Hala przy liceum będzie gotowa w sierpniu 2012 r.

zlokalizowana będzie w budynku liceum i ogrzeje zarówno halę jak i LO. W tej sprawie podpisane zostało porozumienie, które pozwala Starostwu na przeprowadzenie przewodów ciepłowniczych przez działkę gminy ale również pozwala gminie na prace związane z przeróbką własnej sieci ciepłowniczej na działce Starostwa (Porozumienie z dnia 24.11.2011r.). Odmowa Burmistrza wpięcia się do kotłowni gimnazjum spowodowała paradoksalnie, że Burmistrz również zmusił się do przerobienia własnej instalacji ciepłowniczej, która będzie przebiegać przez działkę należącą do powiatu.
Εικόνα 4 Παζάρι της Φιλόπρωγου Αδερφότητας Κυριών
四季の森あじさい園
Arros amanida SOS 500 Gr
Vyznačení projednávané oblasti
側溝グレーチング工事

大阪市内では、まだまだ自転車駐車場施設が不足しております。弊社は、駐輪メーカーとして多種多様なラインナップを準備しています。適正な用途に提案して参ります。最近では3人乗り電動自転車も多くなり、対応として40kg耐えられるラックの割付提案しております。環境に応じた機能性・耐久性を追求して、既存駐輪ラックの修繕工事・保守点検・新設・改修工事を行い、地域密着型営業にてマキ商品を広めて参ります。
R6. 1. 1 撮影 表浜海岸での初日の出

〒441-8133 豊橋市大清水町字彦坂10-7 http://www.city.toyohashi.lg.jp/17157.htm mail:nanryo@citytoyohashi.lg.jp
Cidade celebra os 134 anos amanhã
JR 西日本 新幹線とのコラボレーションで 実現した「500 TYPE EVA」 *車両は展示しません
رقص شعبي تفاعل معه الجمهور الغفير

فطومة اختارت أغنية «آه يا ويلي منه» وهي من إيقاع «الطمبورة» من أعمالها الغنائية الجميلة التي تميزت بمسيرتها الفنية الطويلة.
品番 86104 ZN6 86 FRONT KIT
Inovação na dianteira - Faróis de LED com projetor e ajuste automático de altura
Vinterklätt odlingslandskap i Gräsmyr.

## [Directions for this task]
Each record above is to be reproduced word for word.

## [Response box]
Hala przy liceum będzie gotowa w sierpniu 2012 r.

zlokalizowana będzie w budynku liceum i ogrzeje zarówno halę jak i LO. W tej sprawie podpisane zostało porozumienie, które pozwala Starostwu na przeprowadzenie przewodów ciepłowniczych przez działkę gminy ale również pozwala gminie na prace związane z przeróbką własnej sieci ciepłowniczej na działce Starostwa (Porozumienie z dnia 24.11.2011r.). Odmowa Burmistrza wpięcia się do kotłowni gimnazjum spowodowała paradoksalnie, że Burmistrz również zmusił się do przerobienia własnej instalacji ciepłowniczej, która będzie przebiegać przez działkę należącą do powiatu.
Εικόνα 4 Παζάρι της Φιλόπρωγου Αδερφότητας Κυριών
四季の森あじさい園
Arros amanida SOS 500 Gr
Vyznačení projednávané oblasti
側溝グレーチング工事

大阪市内では、まだまだ自転車駐車場施設が不足しております。弊社は、駐輪メーカーとして多種多様なラインナップを準備しています。適正な用途に提案して参ります。最近では3人乗り電動自転車も多くなり、対応として40kg耐えられるラックの割付提案しております。環境に応じた機能性・耐久性を追求して、既存駐輪ラックの修繕工事・保守点検・新設・改修工事を行い、地域密着型営業にてマキ商品を広めて参ります。
R6. 1. 1 撮影 表浜海岸での初日の出

〒441-8133 豊橋市大清水町字彦坂10-7 http://www.city.toyohashi.lg.jp/17157.htm mail:nanryo@citytoyohashi.lg.jp
Cidade celebra os 134 anos amanhã
JR 西日本 新幹線とのコラボレーションで 実現した「500 TYPE EVA」 *車両は展示しません
رقص شعبي تفاعل معه الجمهور الغفير

فطومة اختارت أغنية «آه يا ويلي منه» وهي من إيقاع «الطمبورة» من أعمالها الغنائية الجميلة التي تميزت بمسيرتها الفنية الطويلة.
品番 86104 ZN6 86 FRONT KIT
Inovação na dianteira - Faróis de LED com projetor e ajuste automático de altura
Vinterklätt odlingslandskap i Gräsmyr.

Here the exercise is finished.